So… it’s GRIP week again.

The Genealogical Research Institute of Pittsburgh (GRIP) has two sessions, one in June and, now, this week in July.

Last Will and TestamentAnd you know what that means, right?

Yeah, The Legal Genealogist is on the road again.

Rick Sayre and I are co-coordinating the Law School for Genealogists course where a classroom full of eager students will hear about federal and state courts, resources like the U.S. Serial Set, tips for understanding records of our female ancestors, and so much more.

But even though time, this week, will be at a premium, there are still questions to be answered, including the one Charmaine Riley Holley hit me with last night just before dinner:

Just what’s the difference, in a will, between the statement that something is bequeathed and the statement that something is devised?
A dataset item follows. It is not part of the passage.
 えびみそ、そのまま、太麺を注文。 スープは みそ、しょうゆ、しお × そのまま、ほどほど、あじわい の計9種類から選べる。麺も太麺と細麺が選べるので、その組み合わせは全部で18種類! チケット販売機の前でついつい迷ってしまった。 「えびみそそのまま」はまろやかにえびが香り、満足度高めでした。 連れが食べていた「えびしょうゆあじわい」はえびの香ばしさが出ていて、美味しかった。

In the will Charmaine was reading, the deceased was leaving things to a number of relatives and the terminology used wasn’t the same for all. To some, the will used the language “I bequeath and devise” and to others the language was just “I bequeath.”
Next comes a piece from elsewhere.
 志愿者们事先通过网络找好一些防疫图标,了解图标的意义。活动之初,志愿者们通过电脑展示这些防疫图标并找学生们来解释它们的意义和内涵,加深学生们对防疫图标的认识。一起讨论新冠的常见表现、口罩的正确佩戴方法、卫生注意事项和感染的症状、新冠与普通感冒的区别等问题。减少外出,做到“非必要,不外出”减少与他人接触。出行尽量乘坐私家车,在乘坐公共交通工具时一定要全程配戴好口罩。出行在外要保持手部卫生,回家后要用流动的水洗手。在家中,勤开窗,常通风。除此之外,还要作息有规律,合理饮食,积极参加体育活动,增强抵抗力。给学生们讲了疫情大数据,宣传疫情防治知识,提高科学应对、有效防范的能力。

Why, Charmaine wanted to know, would there be a difference?

Great question, because — even though today we basically use both words any time we give anything to anyone in a will and often say “I give, bequeath and devise” (just to cover all the bases) — historically, there really was a difference between the two terms.

To bequeath something meant to “give personal property by will to another.”1

To devise something meant to make a “gift of real property by will.”2

And the difference between personal and real property, of course, is that personal property is “property of a personal or movable nature, as opposed to property of a local or immovable character, (such as land or houses), the latter being called ‘real property.’”3

So the decedent in Charmaine’s case bequeathed his personal property, and he devised his real property — his land.


SOURCES

  1. Henry Campbell Black, A Dictionary of Law (St. Paul, Minn. : West, 1891), 129, “bequeath.”
  2. Ibid., 364, “devise.”
  3. Ibid., 893, “personal property.”